What you have to do: Your response should consist of the entire listing, transcribed exactly, with every image left out.

Data records:
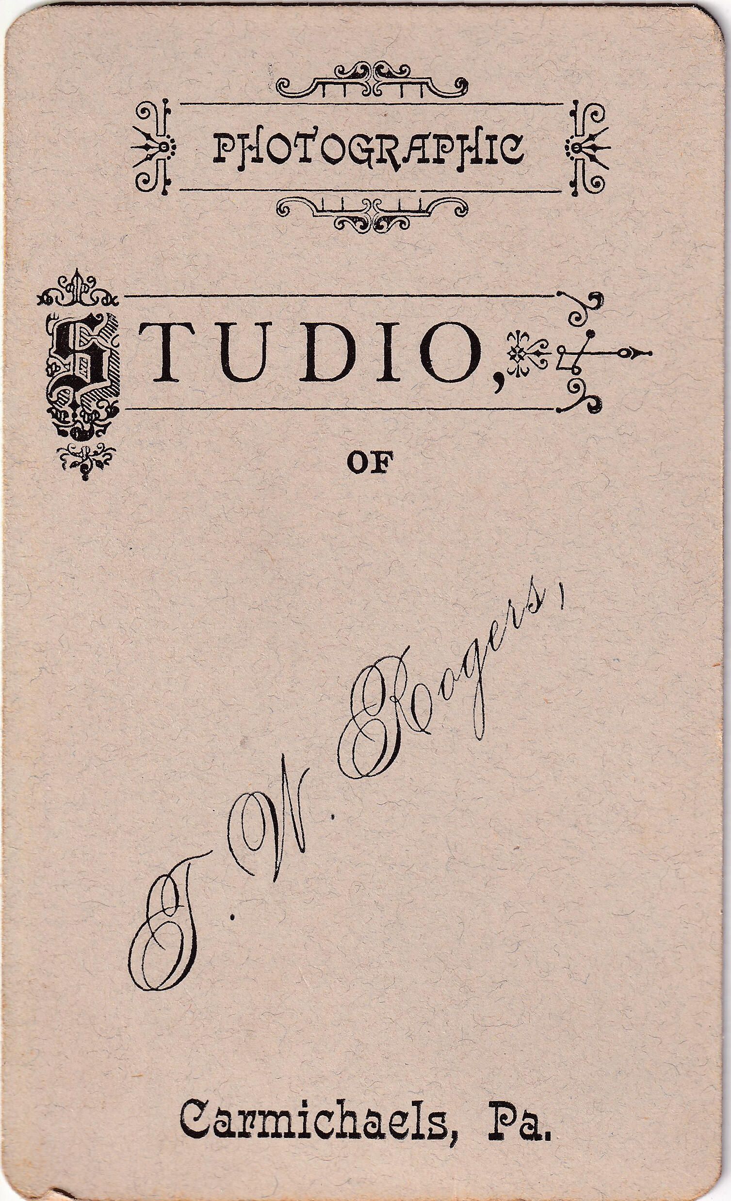 SOURCE CITATION: Ammons-Moredock Album 01, Photo 29 - Stephen Decatur Reynolds [1884-1938]; circa 1880-1890, image by Photographic Studio of T. W. Rogers, Carmichaels, Pa.; item no. MORE-AN002-0029, Ammons-Moredock Collection, Greene Connections Archives Project (www.GreeneConnections.com).
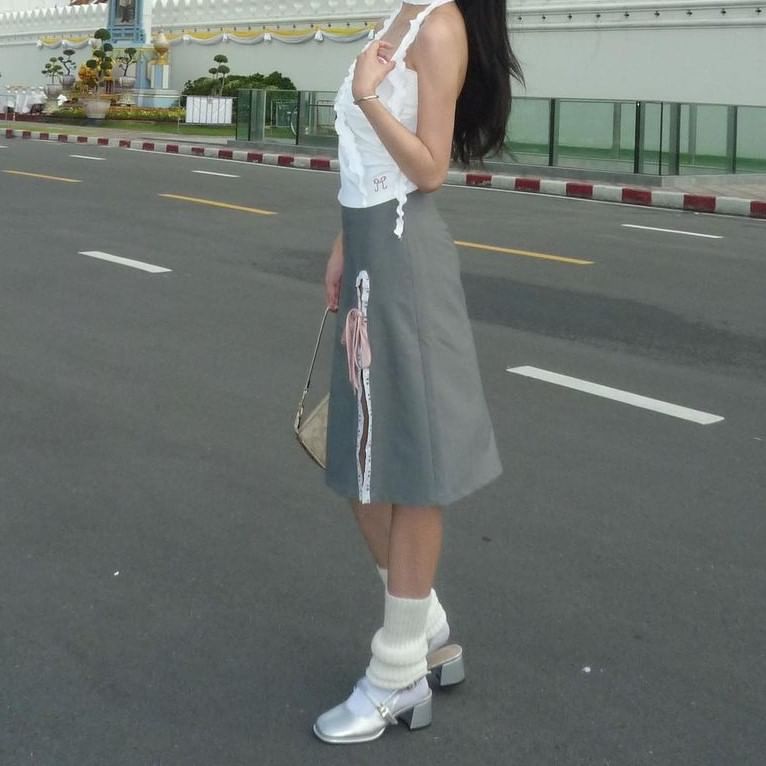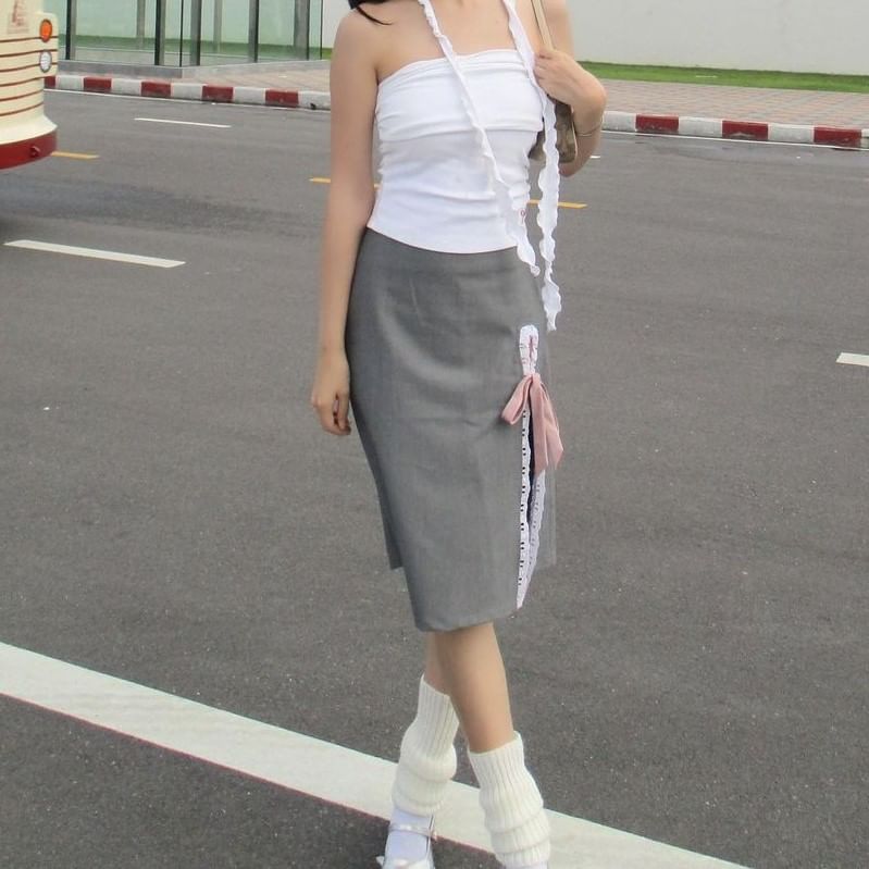 Skirt Plain Lace Trim Rise High Ribbon Pencil Midi
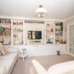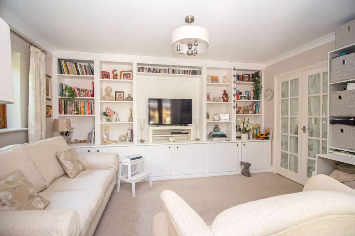 Double glazed lead light effect window to rear aspect, double glazed lead light effect double doors to side aspect and garden, double doors to lounge, feature wall with extensive fitted shelving and storage, radiator, coved and smoothed ceiling.
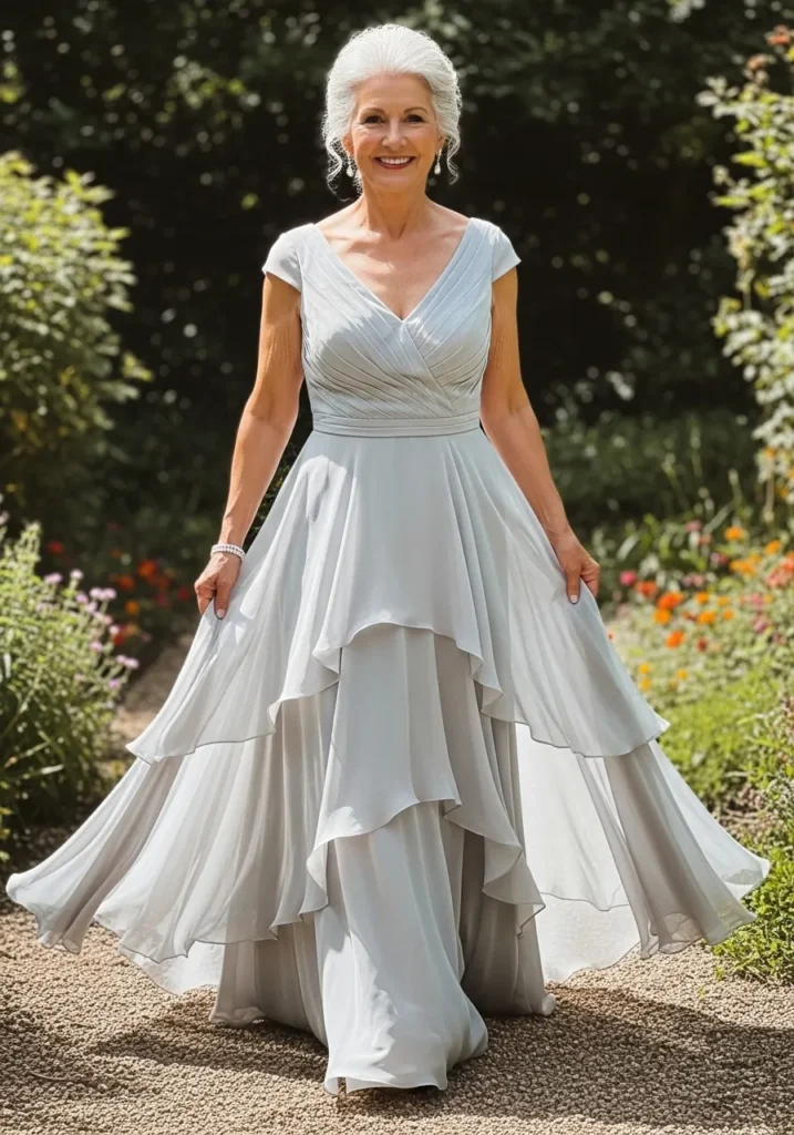 This light gray chiffon dress showcases tiered layers, soft draping, and a beautifully flowing skirt that creates depth, texture, and elegant motion.
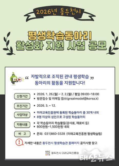 태산뉴스 이동욱 기자 | 동두천시는 오는 1월 26일부터 2월 2일까지, 시민 주도형 평생학습 문화 확산을 위해 ‘2026년 평생학습 동아리 활성화 지원사업’에 참여할 학습동아리를 모집한다고 밝혔다.
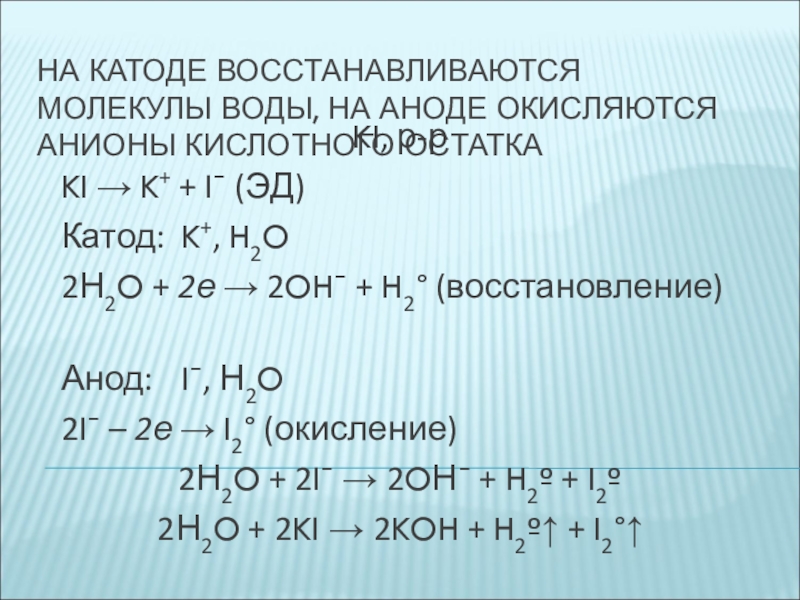 Слайд 11НА КАТОДЕ ВОССТАНАВЛИВАЮТСЯ МОЛЕКУЛЫ ВОДЫ, НА АНОДЕ ОКИСЛЯЮТСЯ АНИОНЫ КИСЛОТНОГО ОСТАТКА
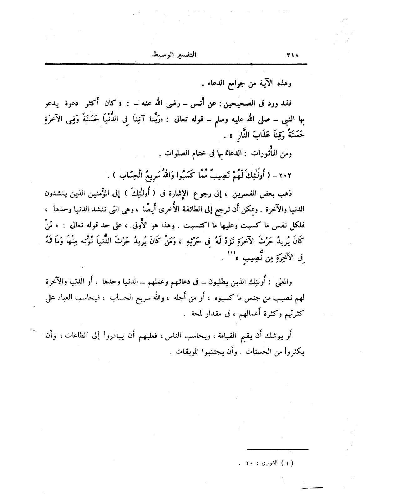 ذهب بعض المفسرين، إلى رجوع الإشارة في {أُولئِكَ} إلى المؤمنين الذين ينشدون الدنيا والآخرة. ويمكن أن ترجع إلى الطائفة الأُخرى أيضًا، وهي التي تنشد الدنيا وحدها، فلكل نفس ما كسبت وعليها ما اكتسبت. وهذا هو الأولى، على حد قوله تعالى: {مَنْ كَانَ يُرِيدُ حَرْثَ الْآخِرَةِ نَزِدْ لَهُ فِي حَرْثِهِ وَمَنْ كَانَ يُرِيدُ حَرْثَ الدُّنْيَا نُؤْتِهِ مِنْهَا وَمَا لَهُ فِي الْآخِرَةِ مِنْ نَصِيبٍ} (1).
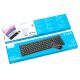 Бюджетний бездротовий набір. Працює від одного USB передавача. Сумісний практично з усіма сучасними пристроями та операційними системами. Повнорозмірна клавіатура із цифровим відділом. Працює від 1 батареї AA. Хід клавіш досить м'який та комфортний. Розкладні ніжки для регулювання нахилу клавіатури (2 положення). Досить компактна, щоб носити в рюкзаку (440мм довжина). Миша працює практично на будь-яких поверхнях, навіть на білому аркуші паперу. Працює від 1 батареї AA. Відмінне рішення для офісу, навчання.
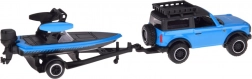 Descoperă combinația atrăgătoare dintre o icoană off-road și aventura pe apă: FORD Bronco 2021 la scara 1:64 tractează o remorcă cu o barcă elegantă. Modelul se remarcă prin caroseria metalică, liniile reproduse cu precizie și accentele contrastante care subliniază aspectul autentic. Remorca și barca pot fi detașate cu ușurință pentru și mai multe scenarii de joc.
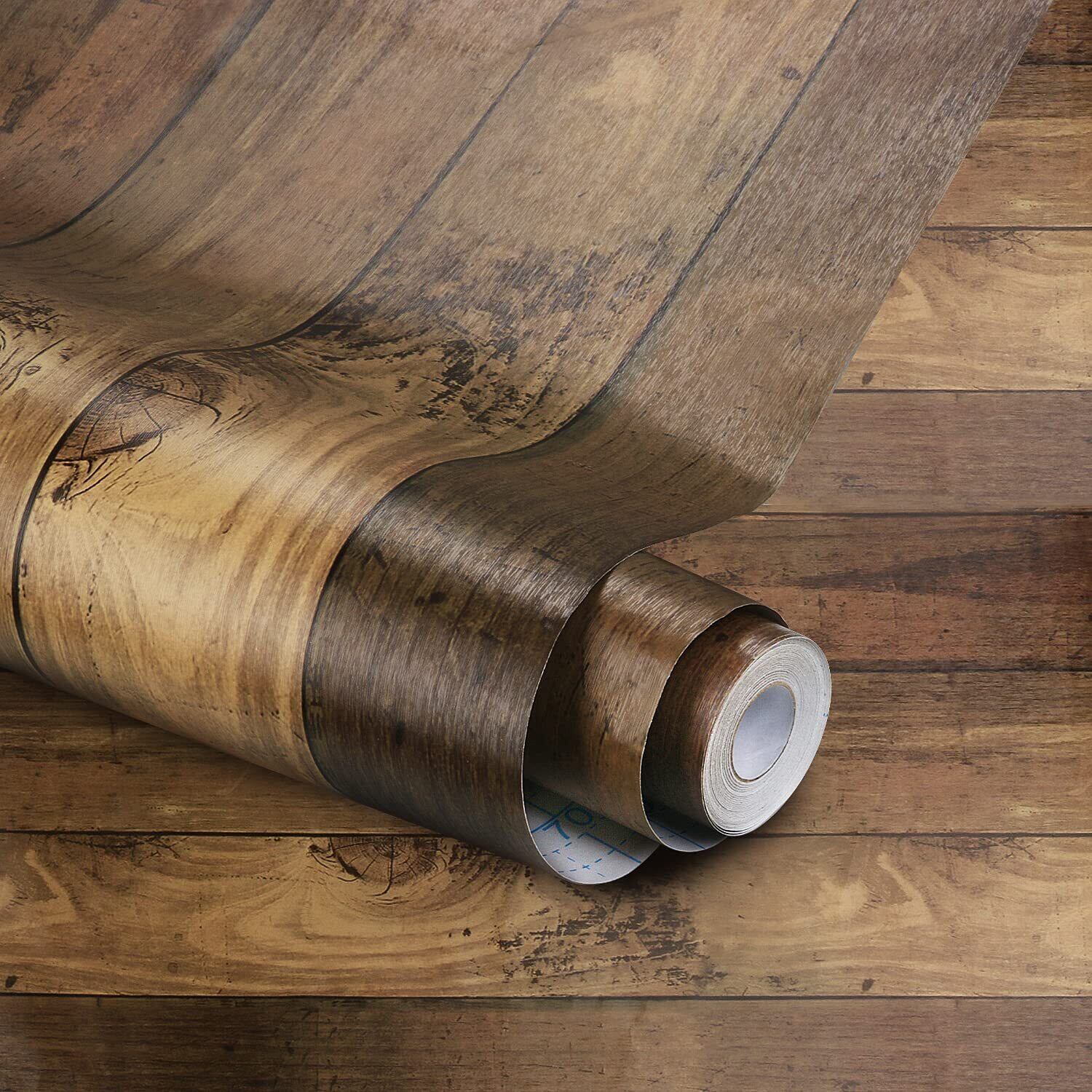 壁紙シール はがせる おしゃれ 壁紙 厚手 リメイク リフォーム カッティング シート ウォール ステッカー 木目調 長さ10m 壁紙 (ダークブラウン 木目)
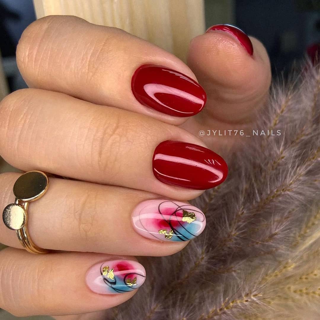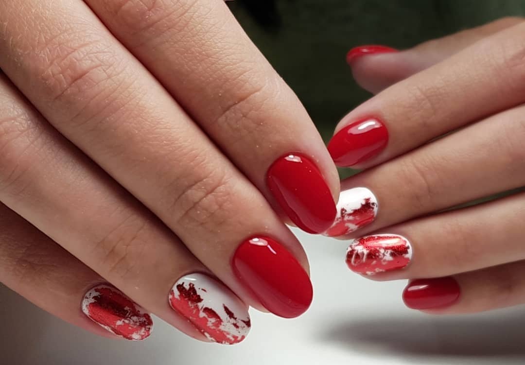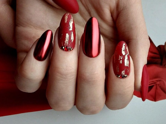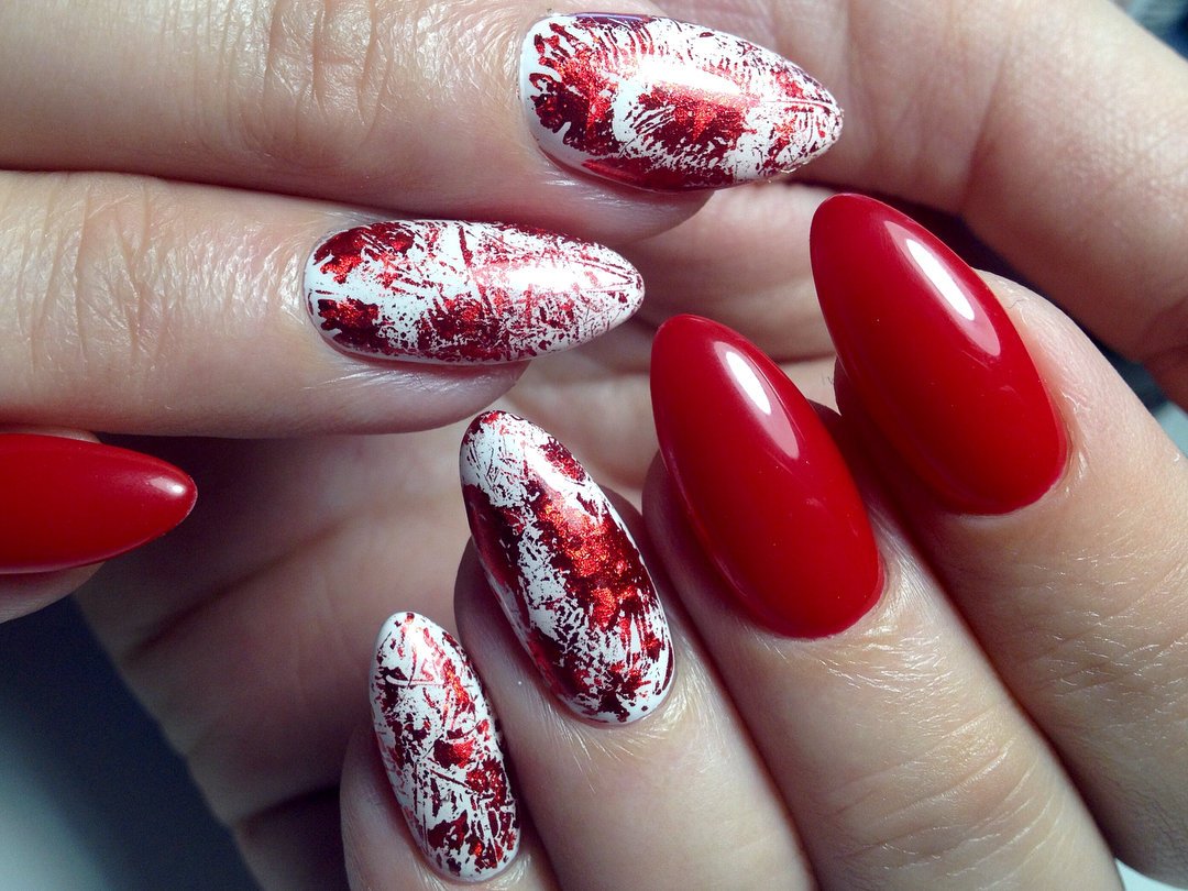Кроме того, фольга может стать отличной подложкой для небольшого рисунка. Хаотичные фольгированные мазки придадут маникюру загадочности и стильности. И снова отметим, что фольга отлично смотрится именно с красной матовой текстурой, хотя и глянец отлично адаптируются для благородного и неброского блеска.
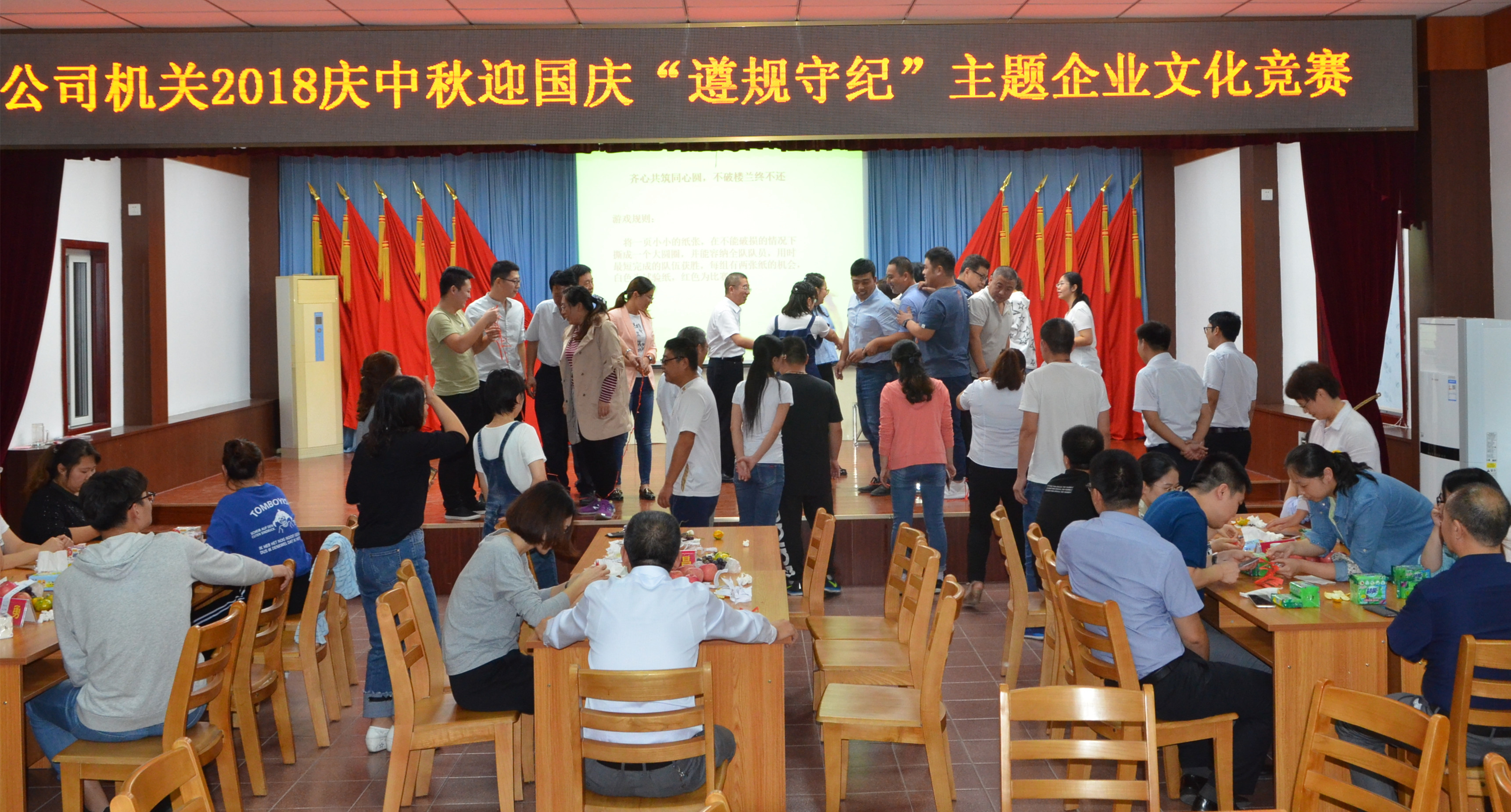 金桂飄香,人月兩圓,在中秋、國慶兩大節日即將到來(lái)之際,為進(jìn)一步增強全體職工遵規守紀意識,弘揚團結向上、奮發(fā)有為的精神風(fēng)貌,增強公司職工的凝聚力和向心力。9月21日下午,公司機關(guān)黨總支部、機關(guān)工會(huì )、機關(guān)團支部在公司培訓中心聯(lián)合舉辦了慶中秋迎國慶“遵規守紀”主題企業(yè)文化競賽活動(dòng),公司黨委書(shū)記、董事長(cháng)鄭青昌,黨委副書(shū)記、總經(jīng)理王勇及其他在石公司領(lǐng)導同公司機關(guān)、華南公司、河南分公司和信息科技公司等70余名職工一同參加了競賽活動(dòng)。

Answer to this task:
 SOURCE CITATION: Ammons-Moredock Album 01, Photo 29 - Stephen Decatur Reynolds [1884-1938]; circa 1880-1890, image by Photographic Studio of T. W. Rogers, Carmichaels, Pa.; item no. MORE-AN002-0029, Ammons-Moredock Collection, Greene Connections Archives Project (www.GreeneConnections.com).
 Skirt Plain Lace Trim Rise High Ribbon Pencil Midi
 Double glazed lead light effect window to rear aspect, double glazed lead light effect double doors to side aspect and garden, double doors to lounge, feature wall with extensive fitted shelving and storage, radiator, coved and smoothed ceiling.
 This light gray chiffon dress showcases tiered layers, soft draping, and a beautifully flowing skirt that creates depth, texture, and elegant motion.
 태산뉴스 이동욱 기자 | 동두천시는 오는 1월 26일부터 2월 2일까지, 시민 주도형 평생학습 문화 확산을 위해 ‘2026년 평생학습 동아리 활성화 지원사업’에 참여할 학습동아리를 모집한다고 밝혔다.
 Слайд 11НА КАТОДЕ ВОССТАНАВЛИВАЮТСЯ МОЛЕКУЛЫ ВОДЫ, НА АНОДЕ ОКИСЛЯЮТСЯ АНИОНЫ КИСЛОТНОГО ОСТАТКА
 ذهب بعض المفسرين، إلى رجوع الإشارة في {أُولئِكَ} إلى المؤمنين الذين ينشدون الدنيا والآخرة. ويمكن أن ترجع إلى الطائفة الأُخرى أيضًا، وهي التي تنشد الدنيا وحدها، فلكل نفس ما كسبت وعليها ما اكتسبت. وهذا هو الأولى، على حد قوله تعالى: {مَنْ كَانَ يُرِيدُ حَرْثَ الْآخِرَةِ نَزِدْ لَهُ فِي حَرْثِهِ وَمَنْ كَانَ يُرِيدُ حَرْثَ الدُّنْيَا نُؤْتِهِ مِنْهَا وَمَا لَهُ فِي الْآخِرَةِ مِنْ نَصِيبٍ} (1).
 Бюджетний бездротовий набір. Працює від одного USB передавача. Сумісний практично з усіма сучасними пристроями та операційними системами. Повнорозмірна клавіатура із цифровим відділом. Працює від 1 батареї AA. Хід клавіш досить м'який та комфортний. Розкладні ніжки для регулювання нахилу клавіатури (2 положення). Досить компактна, щоб носити в рюкзаку (440мм довжина). Миша працює практично на будь-яких поверхнях, навіть на білому аркуші паперу. Працює від 1 батареї AA. Відмінне рішення для офісу, навчання.
 Descoperă combinația atrăgătoare dintre o icoană off-road și aventura pe apă: FORD Bronco 2021 la scara 1:64 tractează o remorcă cu o barcă elegantă. Modelul se remarcă prin caroseria metalică, liniile reproduse cu precizie și accentele contrastante care subliniază aspectul autentic. Remorca și barca pot fi detașate cu ușurință pentru și mai multe scenarii de joc.
 壁紙シール はがせる おしゃれ 壁紙 厚手 リメイク リフォーム カッティング シート ウォール ステッカー 木目調 長さ10m 壁紙 (ダークブラウン 木目)
Кроме того, фольга может стать отличной подложкой для небольшого рисунка. Хаотичные фольгированные мазки придадут маникюру загадочности и стильности. И снова отметим, что фольга отлично смотрится именно с красной матовой текстурой, хотя и глянец отлично адаптируются для благородного и неброского блеска.
 金桂飄香,人月兩圓,在中秋、國慶兩大節日即將到來(lái)之際,為進(jìn)一步增強全體職工遵規守紀意識,弘揚團結向上、奮發(fā)有為的精神風(fēng)貌,增強公司職工的凝聚力和向心力。9月21日下午,公司機關(guān)黨總支部、機關(guān)工會(huì )、機關(guān)團支部在公司培訓中心聯(lián)合舉辦了慶中秋迎國慶“遵規守紀”主題企業(yè)文化競賽活動(dòng),公司黨委書(shū)記、董事長(cháng)鄭青昌,黨委副書(shū)記、總經(jīng)理王勇及其他在石公司領(lǐng)導同公司機關(guān)、華南公司、河南分公司和信息科技公司等70余名職工一同參加了競賽活動(dòng)。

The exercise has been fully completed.